*** PROVIDED DATA ***
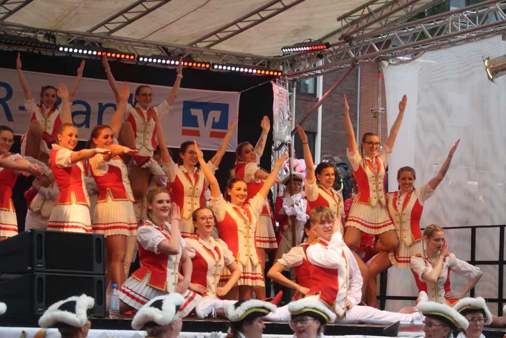 Zum umfangreichen Programm von 11:11 bis 18 Uhr gehörte Rainer Lieverscheidt, der gleich zu Beginn mit Klassikern wie „Die Sterne funkele“ gute Stimmung verbreitete. Die Vierscher Mispelblüten machten eine karnevalistische Reise nach Griechenland mit Gassenhauern wie „Griechischer Wein“, ihre Trainerin verriet, dass sie jedes Jahr neue Kostüme haben.
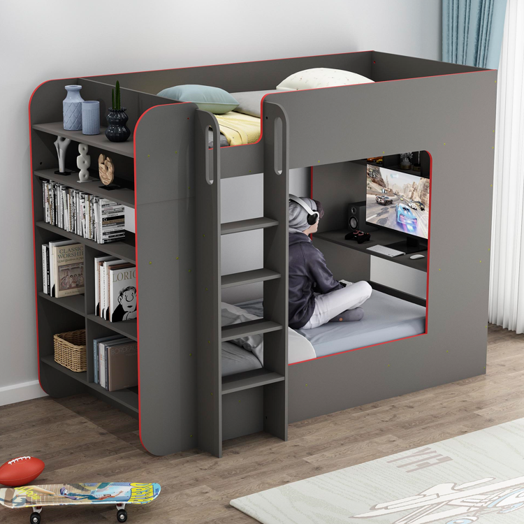 تخت دو طبقه با میز و صندلی یکی از مدل‌های محبوب برای نوجوانان و جوانان است. در این مدل، فضای پایین تخت به یک میز مطالعه یا میز تحریر تبدیل می‌شود که به دانش‌آموزان و دانشجویان این امکان را می‌دهد که در همان اتاق خود فضایی برای مطالعه یا کار داشته باشند. این طراحی به‌ویژه برای اتاق‌های کوچک که نمی‌توانند میز جداگانه‌ای برای مطالعه داشته باشند بسیار مناسب است.
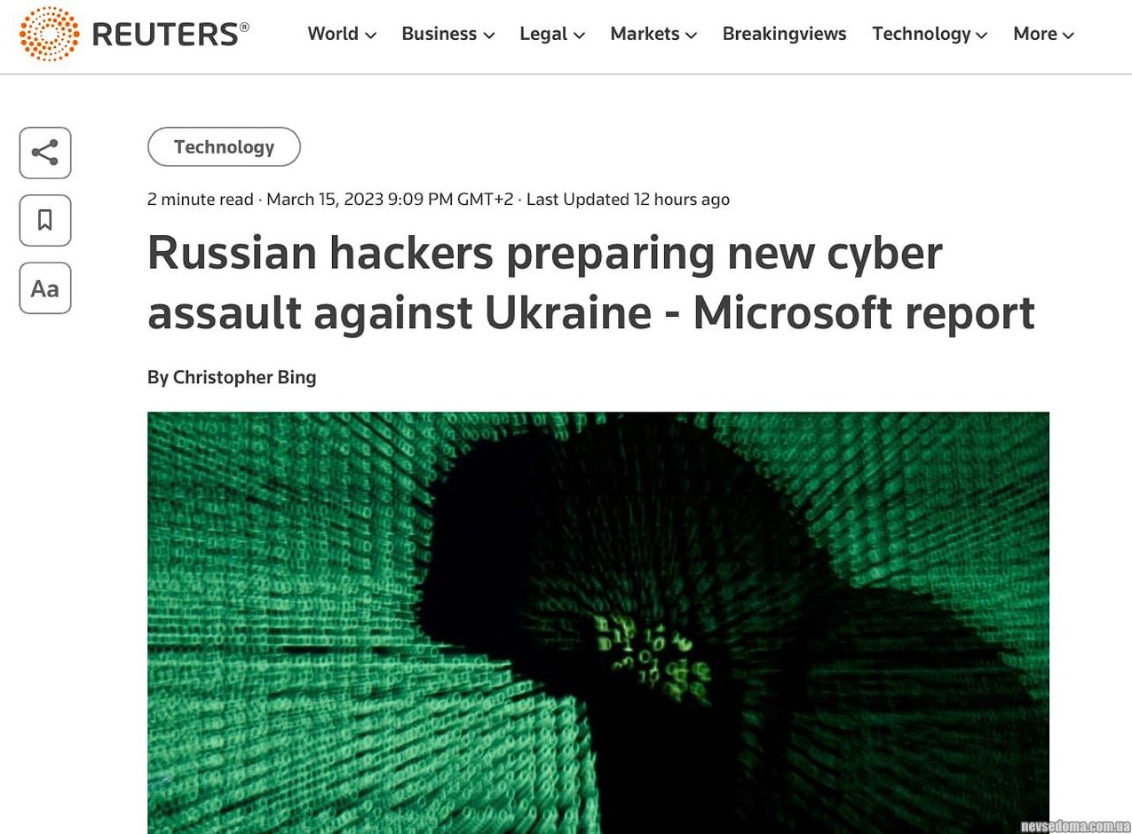 - Російські хакери готують нову хвилю кібератак на Україну, — Reuters із посиланням на звіт Microsoft.
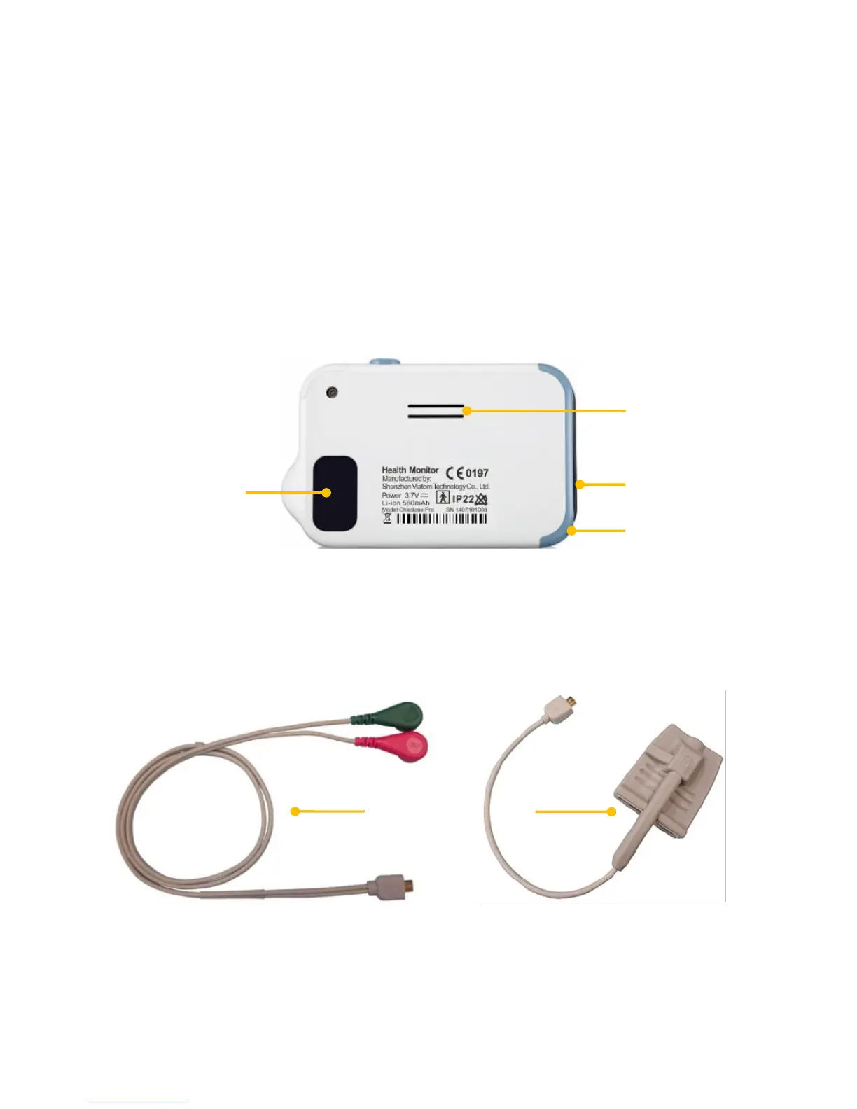 It connects with external SpO2 cable, ECG cable, or charging cable.
*** End of PROVIDED DATA ***
* TASK PROMPT: Set the listing above down again exactly, leaving pictures out.

* REPLY TO THE EXERCISE:
 Zum umfangreichen Programm von 11:11 bis 18 Uhr gehörte Rainer Lieverscheidt, der gleich zu Beginn mit Klassikern wie „Die Sterne funkele“ gute Stimmung verbreitete. Die Vierscher Mispelblüten machten eine karnevalistische Reise nach Griechenland mit Gassenhauern wie „Griechischer Wein“, ihre Trainerin verriet, dass sie jedes Jahr neue Kostüme haben.
 تخت دو طبقه با میز و صندلی یکی از مدل‌های محبوب برای نوجوانان و جوانان است. در این مدل، فضای پایین تخت به یک میز مطالعه یا میز تحریر تبدیل می‌شود که به دانش‌آموزان و دانشجویان این امکان را می‌دهد که در همان اتاق خود فضایی برای مطالعه یا کار داشته باشند. این طراحی به‌ویژه برای اتاق‌های کوچک که نمی‌توانند میز جداگانه‌ای برای مطالعه داشته باشند بسیار مناسب است.
 - Російські хакери готують нову хвилю кібератак на Україну, — Reuters із посиланням на звіт Microsoft.
 It connects with external SpO2 cable, ECG cable, or charging cable.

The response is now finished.